Unlike manufacturing, wherein materials are assembled at home base, construction happens remotely, where literally tonnes of materials are being moved around each day.
Bullets don’t win wars, but logistics do. The same rules apply with construction. If the proper materials aren’t in the right place at the right time, downtime accumulates quickly.
Lean Thinking:
Building a house involves dozens of stakeholder groups all contributing to the whole, while prioritizing their own individual interests. Their logistics are largely their own, because they’re not motivated to collaborate. Lean thinking seeks to pivot the focus toward the value of the project as a whole, rather than its individual pieces. When partners collaborate with more than lip-service, value goes up, cost and frustration go down, and everyone benefits.

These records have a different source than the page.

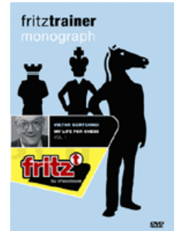
My Life for Chess Vol. 1 by Viktor Kortchnoi

Purchases from our shop help keep ChessCafe.com freely accessible:
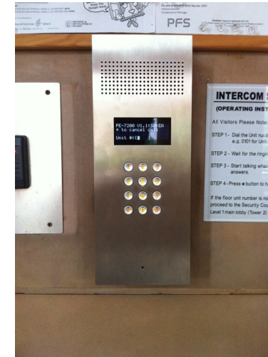
Tiara @ Great World City
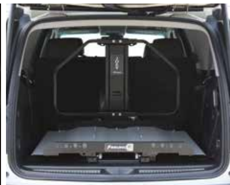
Industry-exclusive safety barrier. Protected by US Utility Patent No. 403.615
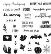
Banner Year Photopolymer
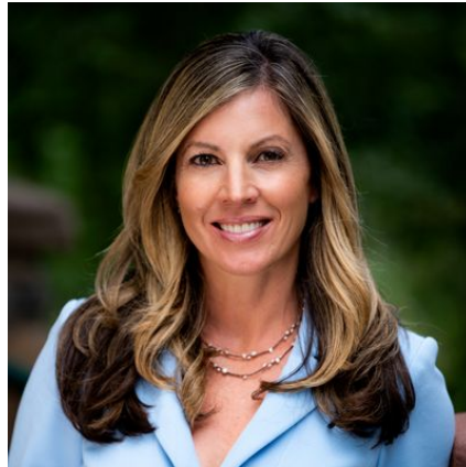
Senator Siah Correa Hemphill
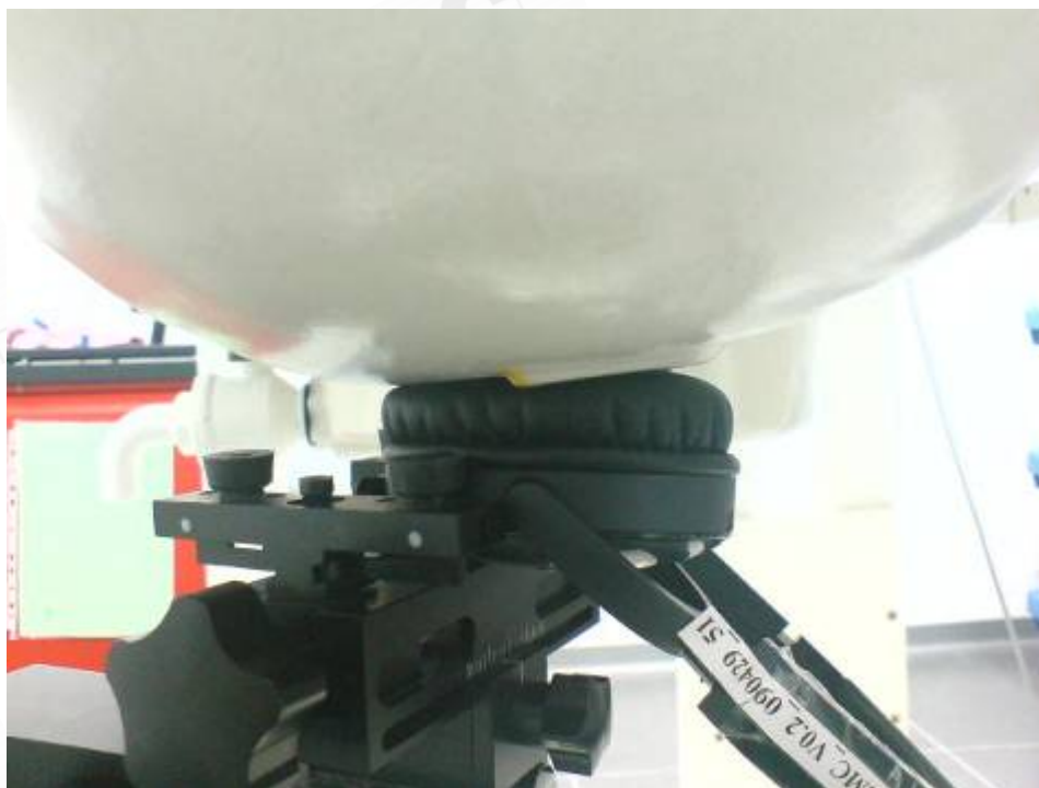
Fig.3.1 Left Head Section / Cheek-Touch Position
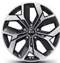
18" Alloy wheel (LX Plus)
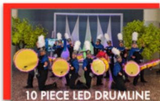
10 PIECE LED DRUMLINE 20'X28' Unobstructed Space* 4 Snare Drummers 2 Tenor Drummers 4 Bass Drummers
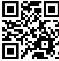
(QR CODE 3)

*Remarks: If the activity is held on 1 Sept. and ended on 9 Sept., the data will be uploaded within 10 days after 9 Sept.
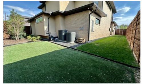
Turfed Backyard & Grassed Dog Run
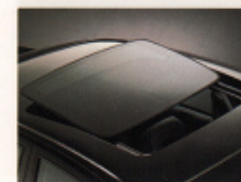
▲ Optional sunroof. From the closed or vent position, simply touch Stratus’ available power sunroof control once to move it to its full open position. (Sunroof late availability.)
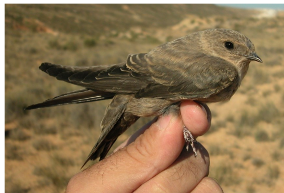
Crag Martin. Spring. Juvenile (18-VII).
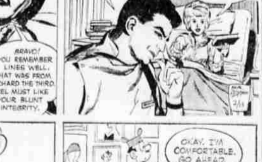
HIS CURTAIN LINE WAS 'FAITH HAS ITS WEAKNESS, BUT FAITHFULNESS IS A STUPID SUBSTITUTE.'
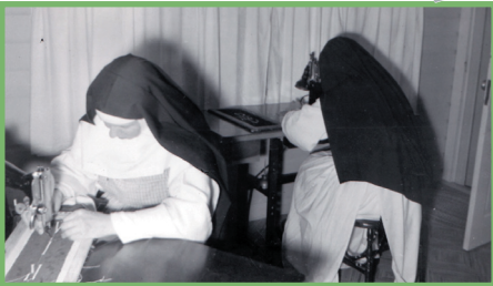
Working at first embroidery machines
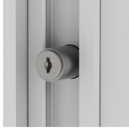
Roller sliding doors lockable
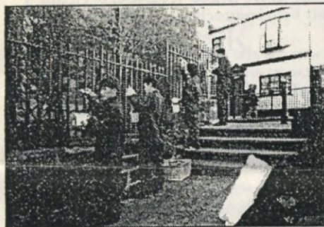
Painting the railings
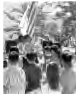
The Explorers Color Guard of the LAPD Pacific Area lead the Pledge of Allegiance.
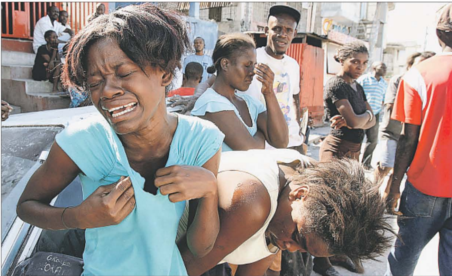
Girls cry as the body of a little girl is removed from the rubble Wednesday in Port-au-Prince, Haiti. The country's president fears chaos in the wake of the ruinous tremor.

Calls made to ease rules for Haitians here illegally. A7
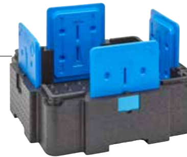
EPPMFBB Base features unique design slots for optional Camchiller® or Camwarmer® to extend cold or hot holding time.
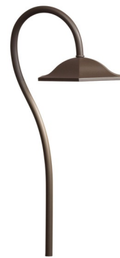
Shown in textured architectural bronze
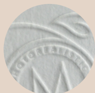
embossing & debossing
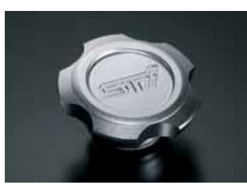
MAGNESIUM OIL FILLER CAP
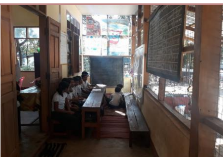
To alleviate the overcrowding, some students must have their lessons in the hallway.
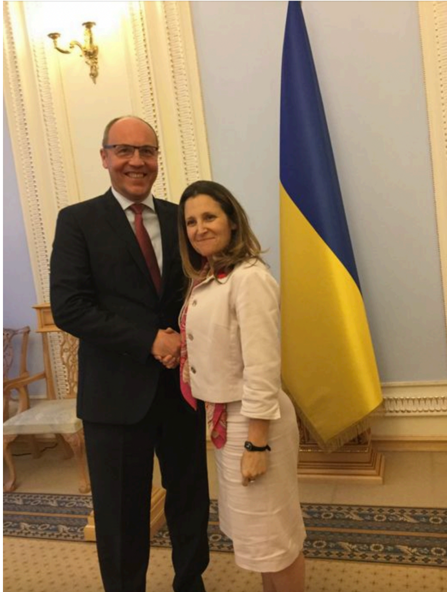
Chrystia Freeland's Facebook, May 2019

Rencontre avec Andriy Parubiy, le président de la Verkhovna Rada. Nous avons discuté du rôle joué par les observateurs électoraux canadiens lors des élections présidentielles de l'Ukraine et qu'ils tiendront à nouveau lors des élections législatives plus tard cette année. Le Canada se tient aux côtés de l'Ukraine et de sa démocratie dynamique!
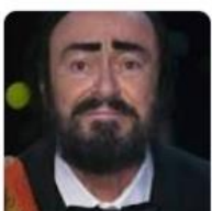
Luciano Pavarotti 1935–2007
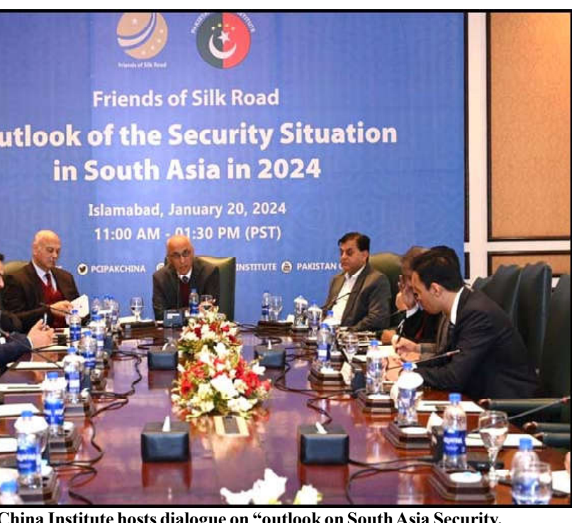
ISLAMABAD: Pakistan-China Institute hosts dialogue on "outlook on South Asia Security."

DUBAI (INP): Dubai Capitals, riding on belligerent half-centuries from Rahmanullah Gurbaz and Jake Fraser-McGurk, recorded an emphatic seven-wicket win over MI Emirates in the second match of the ILT20 season 2 at the Dubai International Stadium. This contest, played in the presence of Bollywood star Shah Rukh Khan and a large Saturday crowd, saw Afghanistan's Gurbaz crack an aggressive 81 runs off 39 balls with eight boundaries and four sixes and Australia's 21-year-old rising star Jake Fraser-McGurk hitting a breezy 54 off 25 balls with four boundaries and four sixes. The pair put on a 114 runs partnership for the second wicket in 51 balls to chase down MI Emirates' total of 159 for 9 in 20 overs (Muhammad Waseem 51, Andre Fletcher 30, Nicholas Pooran 21, Tim David 27, Jason Holder 3 for 34, Sikandar Raza 3 for 21). Dubai Capitals 160 for 3 in 16 overs (Rahmanullah Gurbaz 81, Jakes Fraser-McGurk 54, Trent Bouldt 2 for 23). Player of the Match: Sikandar Raza of Dubai Capitals
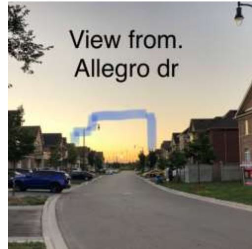
Figure3 - Sunset will be Blocked/lost to existing residents
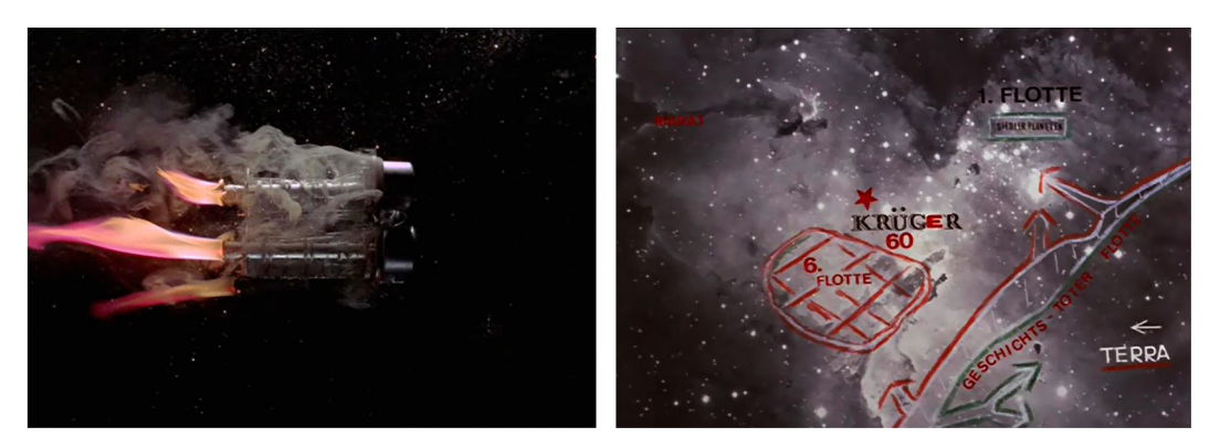
Figure 2: Stills from Willi Tobler und der Untergang der 6. Flotte

It is Méliès' early films, particularly Le voyage dans la lune (1902), rather than the grandiose production of the seminal science fiction film of the late 1960s – Stanley Kubrick's 2001: A Space Odyssey (1968) – to which Kluge's science fiction is indebted (see figure 3).<sup>26</sup>
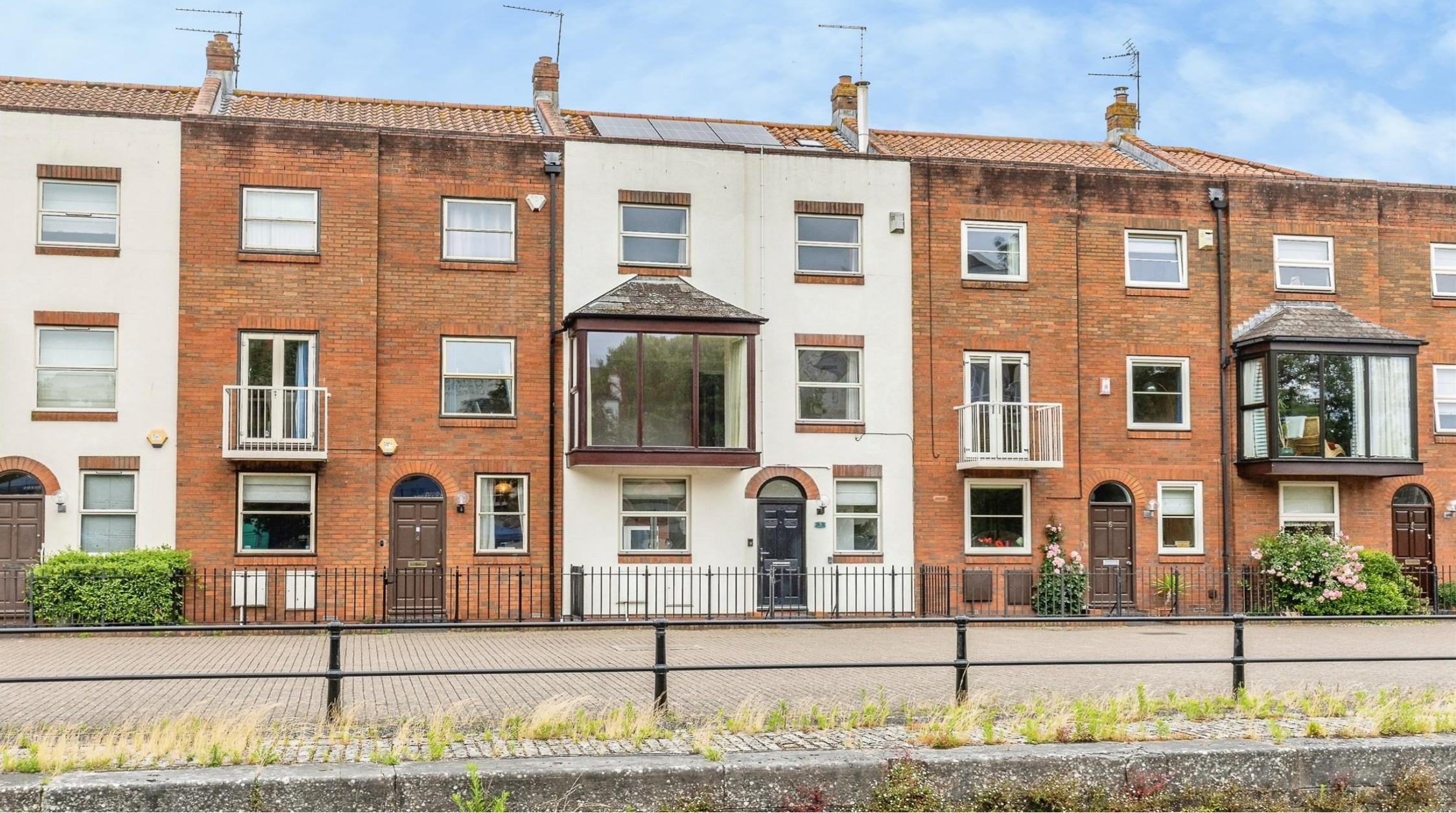
Trin Mills, Bristol BS1 4RJ

If the plumber needs to run to the store, maybe the electrician needs something. Rather than making two separate trips, the two could be tackled at once, saving time. With our current system, a process like this may feel like science fiction. However, if you change the conversation so the “task list” becomes a series of commitments that everyone is engaged with, in order to bring more value to the product, it’s not far off.
Staging Area:
This sounds self-explanatory, and it largely is, but it can also fall through the cracks when you’re rushing through setup time, trying to get started.
Take the time to map your jobsite, indicating where to stage your equipment, trucks, and materials. Mark your traffic flows and walkways. Ensure your delivery drivers have a reliably open path to the stage to avoid honking, panic, and overall chaos.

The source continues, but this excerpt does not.